House Bipartisan Group Urges Leadership to Reject Proposed PALTC Medicare Physician Fee Schedule Cuts
Ninety three bipartisan members of the House of Representatives have called on House leadership to protect patients and medical professionals by waiving pending rate cuts to Medicare and Medicaid services. The letter also urged Speaker Nancy Pelosi (D-CA) and Minority Leader Kevin McCarthy (R-CA) to require the Centers for Medicare & Medicaid Services (CMS) to study how COVID-19 has impacted access to critical health services in underserved urban and rural Health Professional Shortage Areas.
“Through no fault of their own, millions of patients across America who rely on Medicare and Medicare will have their healthcare endangered due to arbitrary cuts to critical medical services,” said Rep. Bobby Rush (D.-IL), who leads the bipartisan coalition. “Moreover, thousands of healthcare specialists, particularly those in urban and rural areas, will be in danger of losing their jobs as a result. This is completely unacceptable, especially as our country continues to combat the COVID-19 pandemic.”
He continued: “Our healthcare system is already under immense pressure due to this dreaded disease, and the implementation of these reckless cuts could potentially be the straw that breaks the camel’s back. That is why I, joined by 92 of my Congressional colleagues, am urging House leadership to protect patients and take swift action to prevent such disastrous cuts. We must also more broadly consider how COVID-19 has impacted access to critical health services in underserved urban and rural Health Professional Shortage Areas.”

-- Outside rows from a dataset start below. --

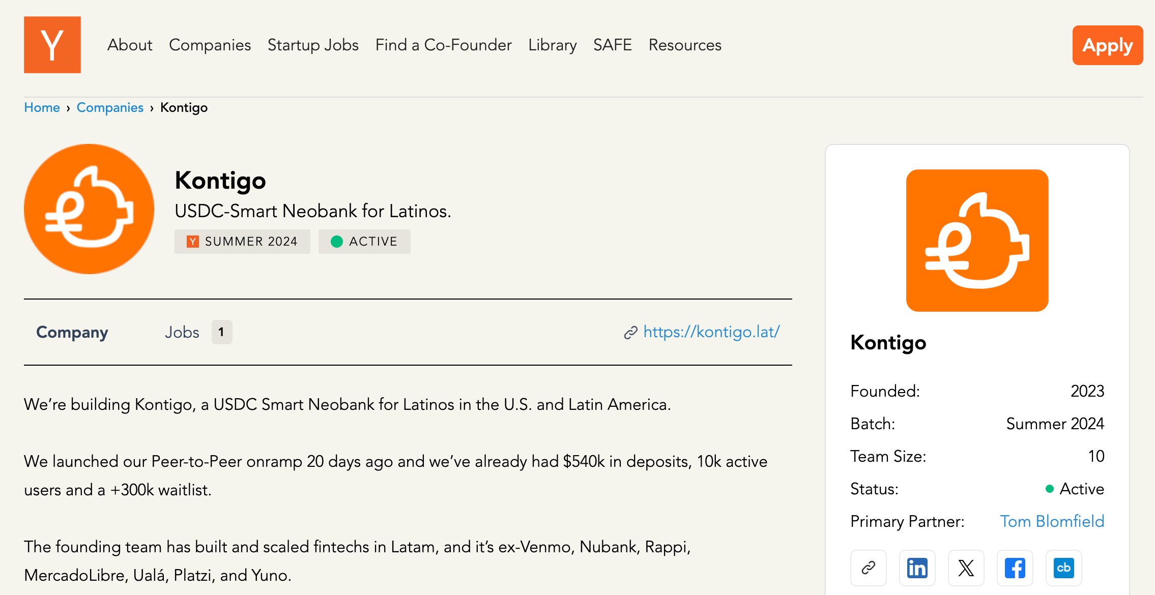 但是,当 Kontigo 申请并被接受进入著名的硅谷加速器项目 Y Combinator 时,它将自己描述为“面向拉丁美洲人的 USDC 智能新银行”。Y Combinator 由 Paul Graham 共同创立,从 2014 年到 2019 年由现任 OpenAI 首席执行官 Sam Altman 领导,并且自 2023 年 1 月以来一直由 Garry Tan 领导。
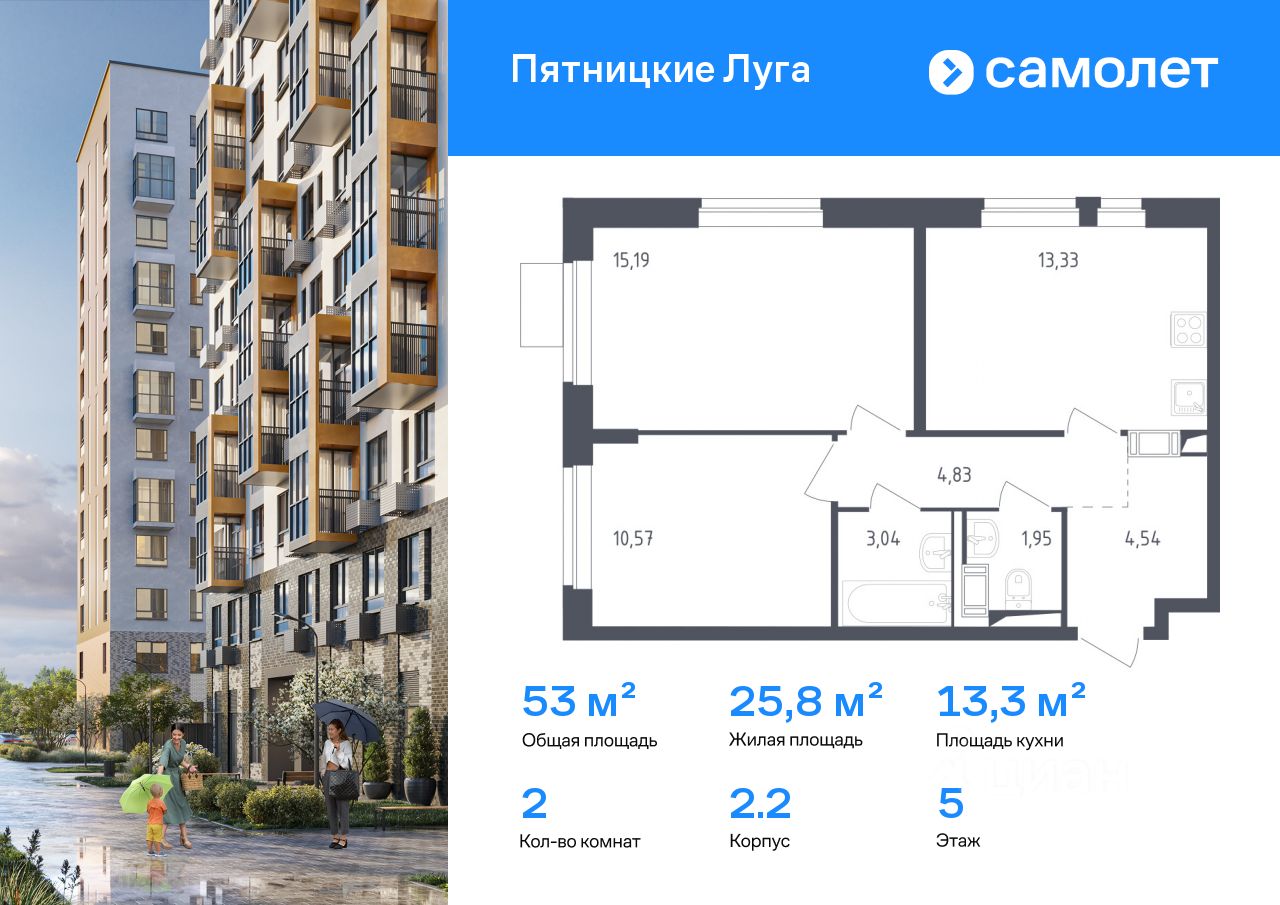 Строим кварталы для жизни с заботой о будущем. Предлагается 2-комнатная квартира комфорт-класса 53 кв.м в корпусе 2.2 на 5 этаже, в ЖК "Пятницкие Луга"
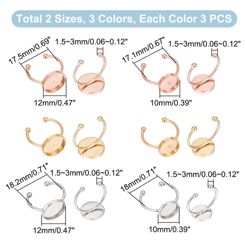 - Sizes: 304 stainless steel open cuff ring. Findings: approx. 17.1~18.2 mm inner diameter compartment: 10 12 mm 18 pieces; you can make finger rings of different sizes.
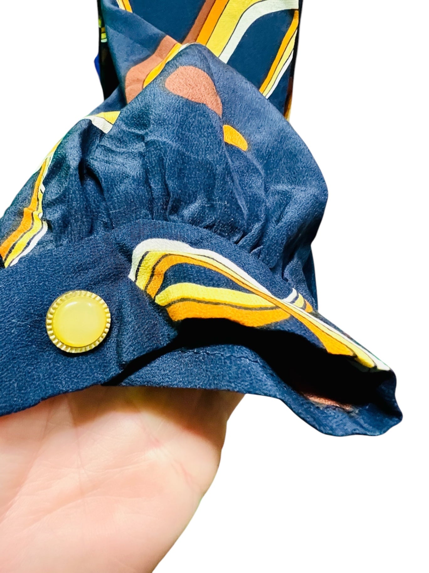 Dieses atemberaubende Original Handmade Vintage 70er Jahre Kleid in Blau mit einem lebendigen Muster in Orange und Gelb ist ein absolutes Unikat. So ein Kleid findest du nicht so schnell nochmal.
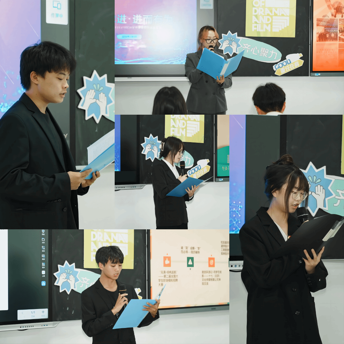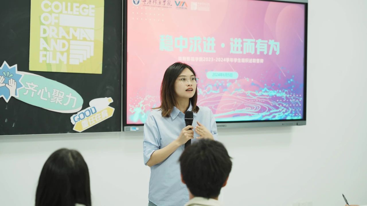为对学生组织工作进行阶段性回顾,总结我们的成果与经验,为未来的工作提供宝贵的参考和坚实的基础。6月5日晚19:00,学院在贤者楼502教室举行了“稳中求进·进而有为”——戏剧影视学院2023-2024学年学生组织述职答辩大会。学工办主任曾玉娇老师、辅导员陈玲、李梦雪、廖炳屹三位指导老师,学生组织各部门干部干事们汇聚一堂,共同回顾过往、总结经验、展望未来。

CMS’ Medicare Physician Fee Schedule (PFS) rule published in November 2019 increased rates for the office-based evaluation and management (E/M) code set in CY2021. Due to the requirement for budget neutrality, this would result in a significant cut for many providers, across multiple specialties, beginning on January 1, 2021.
The aforementioned letter also urges House leadership to require CMS to study the impact on providers of failing to waive budget neutrality associated with the E/M policy.
AMDA – The Society for Post-Acute and Long-Term Care Medicine opposes the nearly 10% cut to the nursing facility family of services proposed for CY2021. The Society has joined with other organizations to discuss with Congress and CMS ways to prevent these cuts from being finalized. The groups would like to see increases to office-based E&M remain as proposed but have the budget neutrality rule waived so that other services do not see a dramatic decrease.
The Society signed onto several letters earlier this year asking Congress to waive budget neutrality and preserve increases in office-based E&M services.